INVESTORS are holding almost £55 billion in poor-performing funds, according to research from Bestinvest, the online investment service. The company has spotted 111 so-called dog funds, up from 58 just six months ago and a four-fold increase on the 26 funds identified in February 2018. The current list includes funds managed by well-known firms including Fidelity, Invesco and Schroder.
A fund is named and shamed as a dog if it has delivered worse returns than the market it invests in for three consecutive years, and by more than five per cent over the entire three-year period. The filters are used to distinguish consistent poor performers from funds that have suffered a short-term blip.
The dogs include some of the most popular funds and the bedrock of many pensions and Isas, such as Invesco High Income, which has assets of almost £8 billion. The LF Woodford Equity Income fund, which has almost £5bn of assets and is managed by Neil Woodford, one of the UK’s best-known fund managers, is in the dog house for the first time. The fund has lagged its benchmark index by 28% over the past three years. If you had invested £100 in the fund three years ago, you would now have £87.
The Woodford fund has also made its first appearance in Chelsea Financial Service’s DropZone, a list of ten funds that have underperformed their sector averages by the biggest amount over a three-year period.
Sam Slator, head of communications at Chelsea Financial Services, said: “Some, like myself, have lost patience and are no longer invested in the Woodford fund. In my view, there are a number of excellent alternatives available, such as Threadneedle UK Equity Income and Marlborough UK Multi Cap Income. Others have more faith in manager Neil Woodford being able to turn his performance around. He does, after all, have a very good long-term track record.”
If investors lose out as a result of poor performance, fund managers apparently do not. Bestinvest estimates that managers are raking in £537 million in annual fees from the dog funds.
Jason Hollands, managing director of Bestinvest, said: “The management companies of these funds have collected lucrative fees for plodding behind.”
UK funds dominate the list of dogs. Out of 290 funds that invest in UK companies, 59 were classed as dogs, which equates to more than 20% of the total. Others in the dog house include Jupiter UK Growth, Invesco Income and Fidelity MoneyBuilder Growth.
Many of the poor performing UK funds invest heavily in medium-sized companies, which have been hit particularly hard over the past few years, partly as a result of Brexit uncertainty. A high proportion of the dog funds also invest in companies that generate dividends, usually tobacco firms, financial companies and utilities, all of which have had a tough time of late.
But the market conditions should not let the managers get off Scot free with persistent poor performance, according to Mr Hollands.
“While there are some mitigating factors, this is not to say that all these funds should be let off the hook,” he said.
“There are best of breed managers operating in the same markets who have nevertheless managed to deliver significantly higher returns. It is therefore vital for investors to choose their funds very carefully.”
For example, TB Evenlode Income climbed ahead of its market by 13% over three years, turning a £100 investment into £135.
Should you sell a dog fund?
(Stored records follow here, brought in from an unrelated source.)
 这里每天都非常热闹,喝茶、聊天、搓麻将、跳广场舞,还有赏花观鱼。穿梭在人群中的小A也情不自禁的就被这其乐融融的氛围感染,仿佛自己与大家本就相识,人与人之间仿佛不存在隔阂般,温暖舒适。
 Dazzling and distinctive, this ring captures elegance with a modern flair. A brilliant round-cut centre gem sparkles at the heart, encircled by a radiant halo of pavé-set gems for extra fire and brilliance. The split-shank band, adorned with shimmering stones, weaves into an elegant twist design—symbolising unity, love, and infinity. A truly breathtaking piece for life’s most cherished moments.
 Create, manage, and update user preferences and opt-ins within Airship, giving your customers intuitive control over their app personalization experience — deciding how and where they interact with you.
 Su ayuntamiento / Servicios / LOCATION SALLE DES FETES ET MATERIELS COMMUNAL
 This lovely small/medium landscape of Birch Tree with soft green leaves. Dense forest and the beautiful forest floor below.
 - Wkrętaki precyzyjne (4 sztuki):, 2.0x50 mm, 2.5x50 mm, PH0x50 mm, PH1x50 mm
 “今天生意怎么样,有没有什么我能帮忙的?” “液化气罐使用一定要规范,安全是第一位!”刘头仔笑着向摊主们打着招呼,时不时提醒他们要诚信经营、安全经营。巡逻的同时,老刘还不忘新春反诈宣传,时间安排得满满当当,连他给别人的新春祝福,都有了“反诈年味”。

Hollands said: “Investors who own a dog fund should carefully consider whether to stick or potentially switch elsewhere. Funds can come bouncing back from rough patches and action may already be underway to improve performance, such as the appointment of a new manager, so it is vital to do some research before acting.
An alternative is to invest in a tracker fund, which follows an index.
Laith Khalaf, senior analyst at Hargreaves Lansdown, a financial adviser, said: “If you’re not willing to take the risk of active manager underperformance, then you should simply invest in index tracker funds.
"These will slightly underperform each year because of costs, but charges are pretty low on many of these funds so it’s possible to minimise this effect.”